[Provided material]:
□ □ □

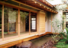広間南側を見る。靴脱ぎ石 飛石 犬走により庭園の柔らかさを感じ取る事が出来る。
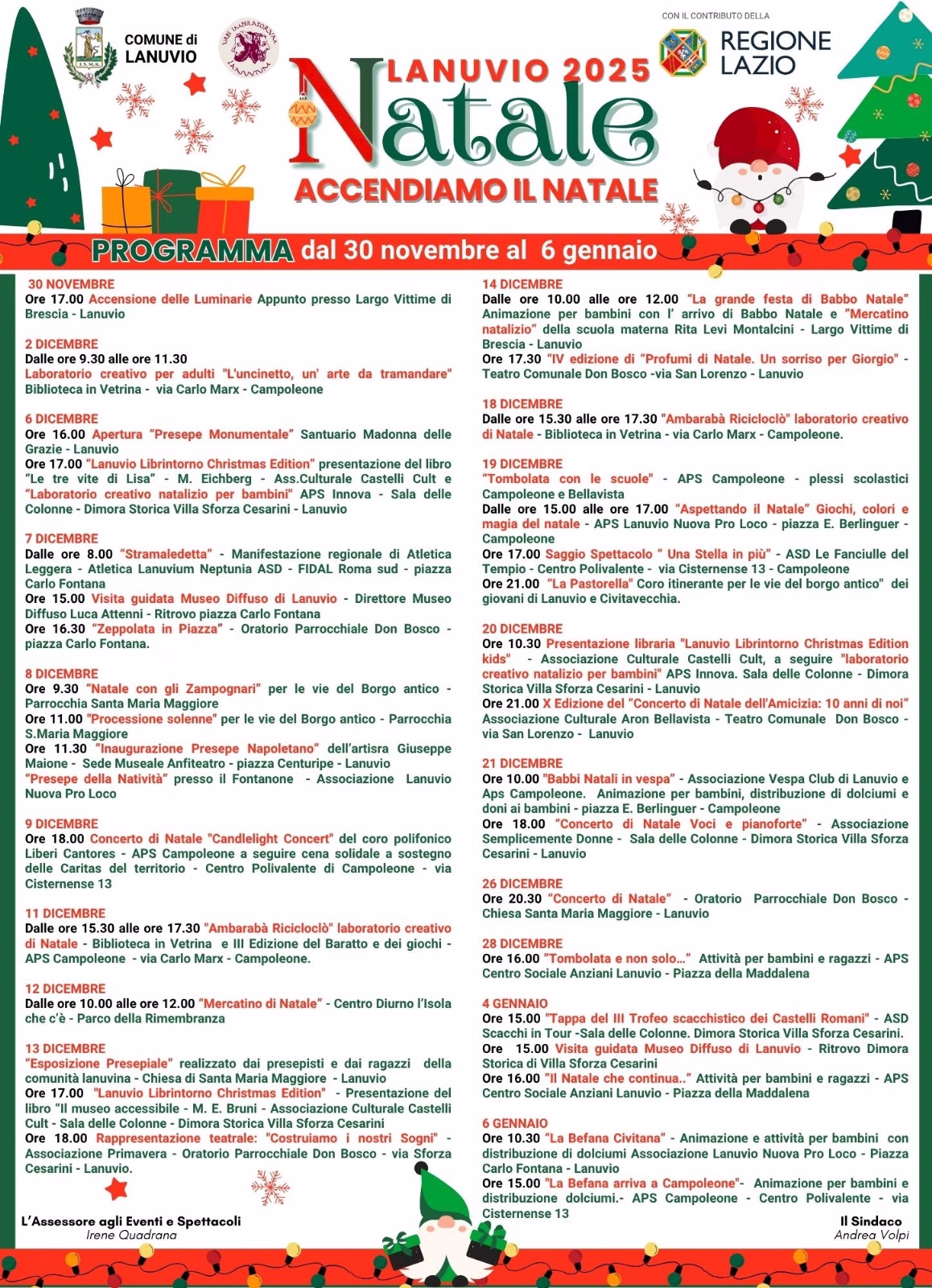 «Ringrazio tutte le associazioni che hanno reso possibile questa edizione – aggiunge Quadrana – insieme all’amministrazione comunale, al Sindaco Andrea Volpi, al Consigliere delegato alla Cultura Alessandro De Santis e all’Assessore allo Sport Valeria Viglietti, per la collaborazione concreta. Non ci resta che attendere l’accensione delle luminarie del 30 novembre per dare ufficialmente il via al Natale Lanuvino 2025!».
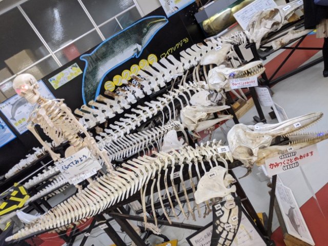 並んでいるイルカの骨と人間の骨。実際の標本に触ることができる体験コーナーなのですが、この骨たちは突然動き出します!しかも目が光ります!いきなり動くので、どっきりみたいなテンションです。
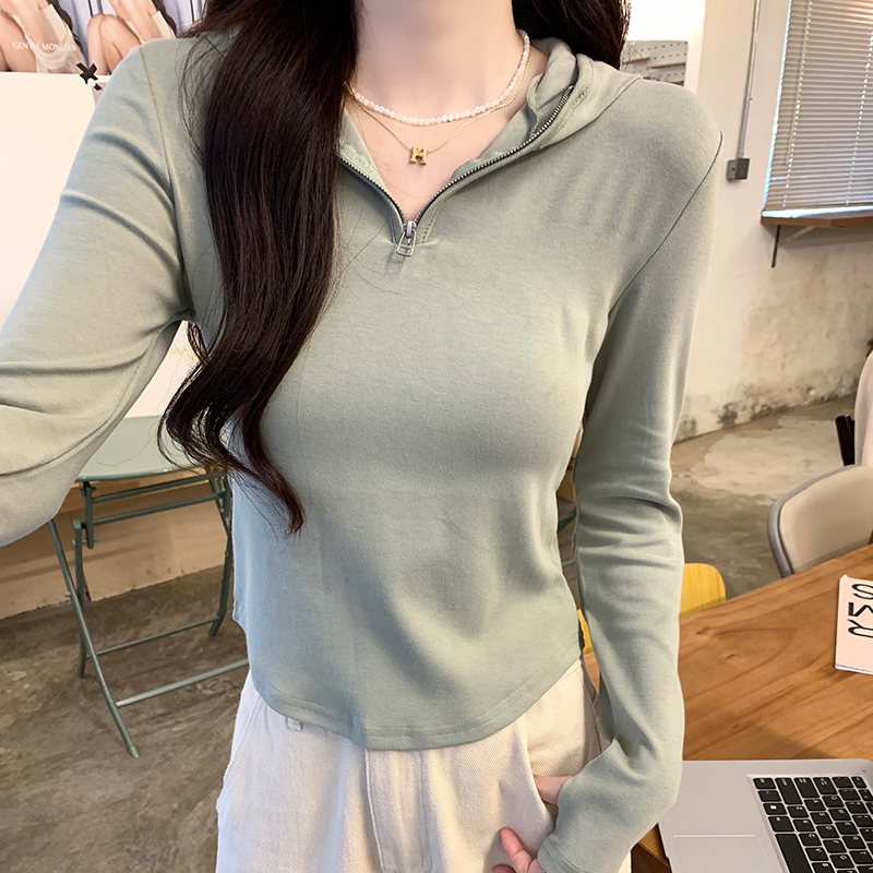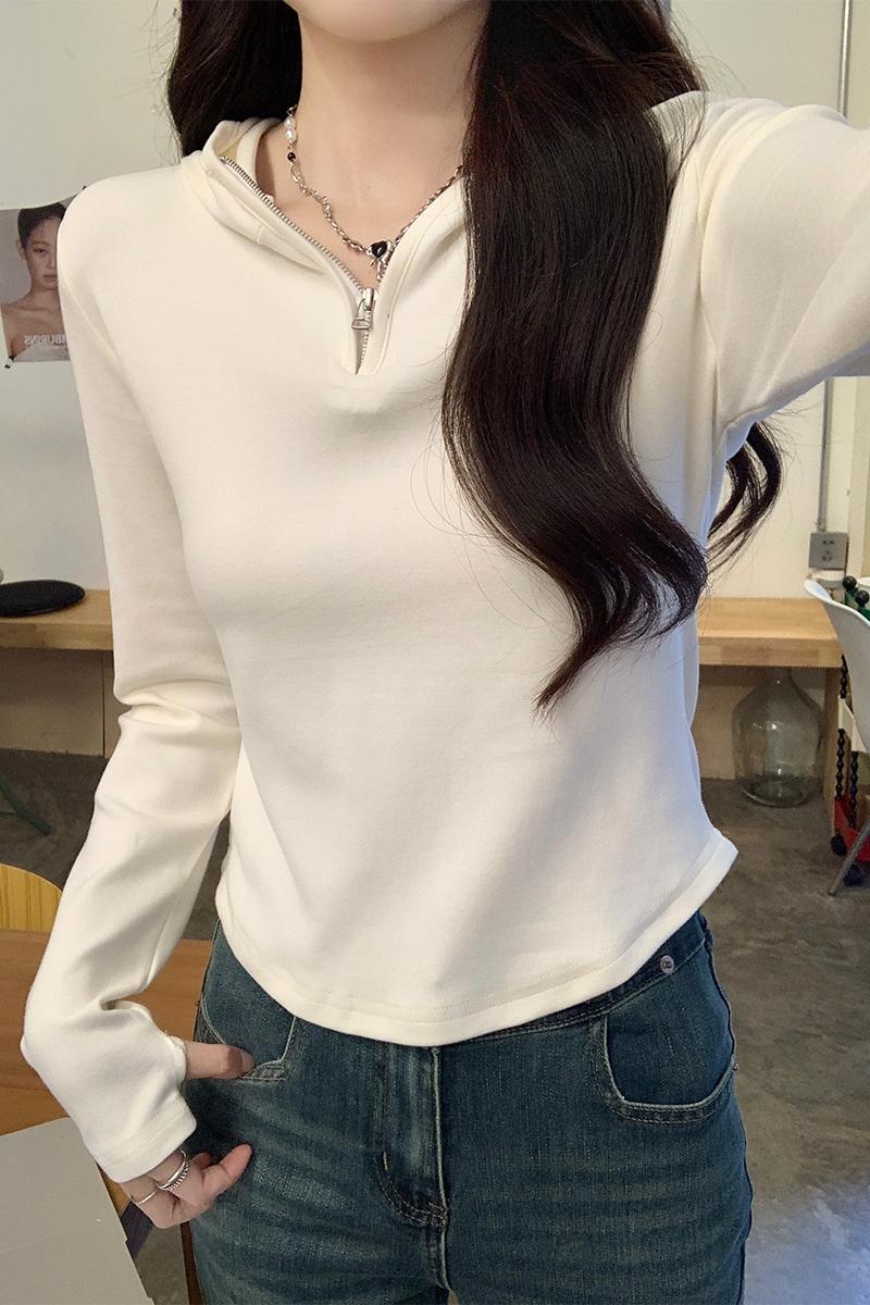 Real-Price Real Shot #Half-Zippered Shoulder Long-Sleeved 티셔츠 봄 디자인 셔츠 셔츠 슬림 한 짧은 상단
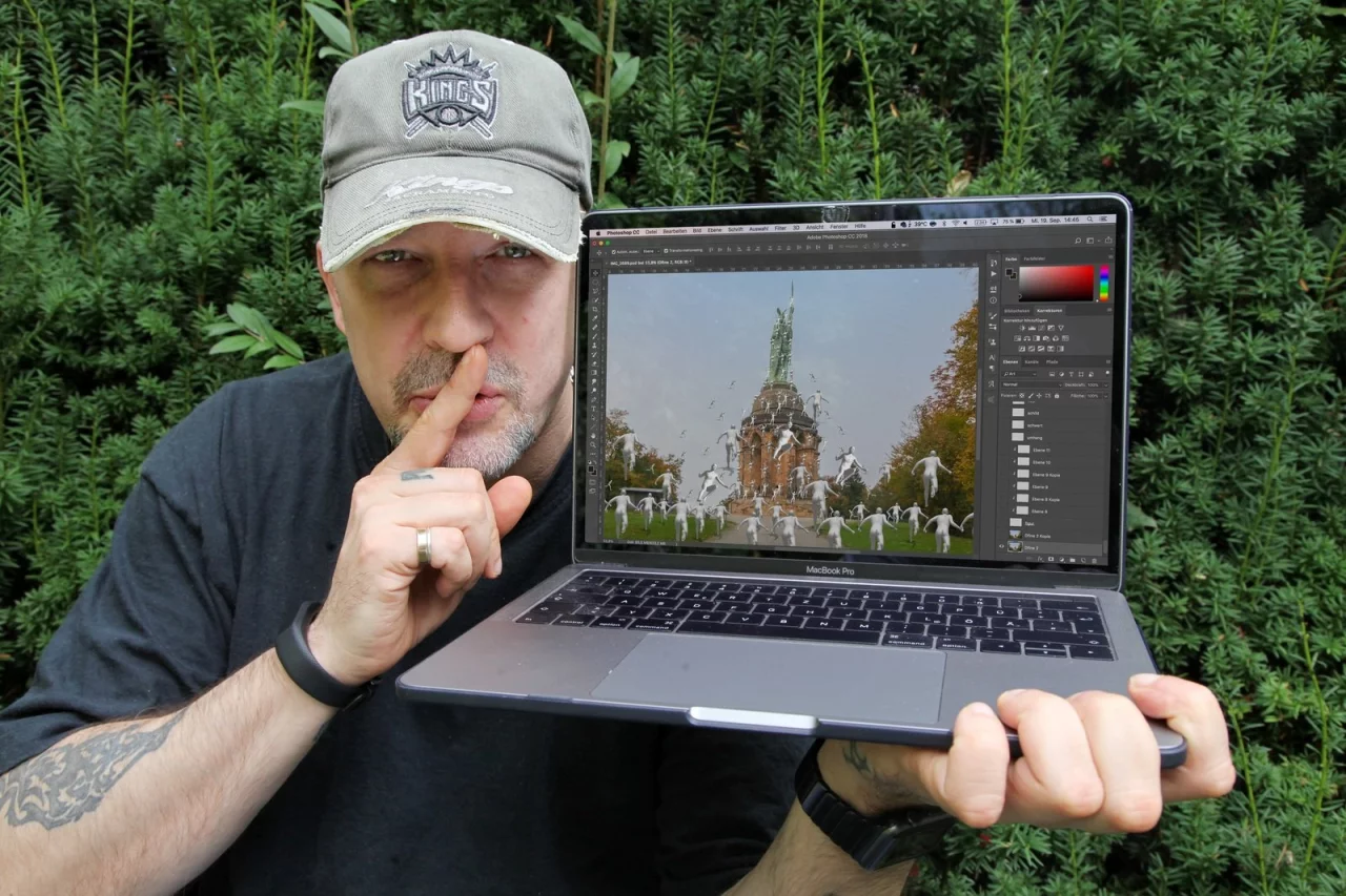 Bei einem Wimmelbild würden prägnante Plätze oder Denkmäler, in diesem Fall das Hermannsdenkmal, menschenleer fotografiert und später mit vielen Menschen und lustigen Szenen gefüllt. Die Teilnehmer müssten gar nicht so viel machen – „sie stehen oder liegen in bestimmten Posen auf einer Bank vor grünem Hintergrund, das erleichtert mir später die Fotografierten für die Montage am Computer auszuschneiden", sagt Kunisch.

□ □ □

[Task to complete]:
Where an entry includes an image, skip the image and return everything else exactly.

[Output of the task]:
広間南側を見る。靴脱ぎ石 飛石 犬走により庭園の柔らかさを感じ取る事が出来る。
 «Ringrazio tutte le associazioni che hanno reso possibile questa edizione – aggiunge Quadrana – insieme all’amministrazione comunale, al Sindaco Andrea Volpi, al Consigliere delegato alla Cultura Alessandro De Santis e all’Assessore allo Sport Valeria Viglietti, per la collaborazione concreta. Non ci resta che attendere l’accensione delle luminarie del 30 novembre per dare ufficialmente il via al Natale Lanuvino 2025!».
 並んでいるイルカの骨と人間の骨。実際の標本に触ることができる体験コーナーなのですが、この骨たちは突然動き出します!しかも目が光ります!いきなり動くので、どっきりみたいなテンションです。
 Real-Price Real Shot #Half-Zippered Shoulder Long-Sleeved 티셔츠 봄 디자인 셔츠 셔츠 슬림 한 짧은 상단
 Bei einem Wimmelbild würden prägnante Plätze oder Denkmäler, in diesem Fall das Hermannsdenkmal, menschenleer fotografiert und später mit vielen Menschen und lustigen Szenen gefüllt. Die Teilnehmer müssten gar nicht so viel machen – „sie stehen oder liegen in bestimmten Posen auf einer Bank vor grünem Hintergrund, das erleichtert mir später die Fotografierten für die Montage am Computer auszuschneiden", sagt Kunisch.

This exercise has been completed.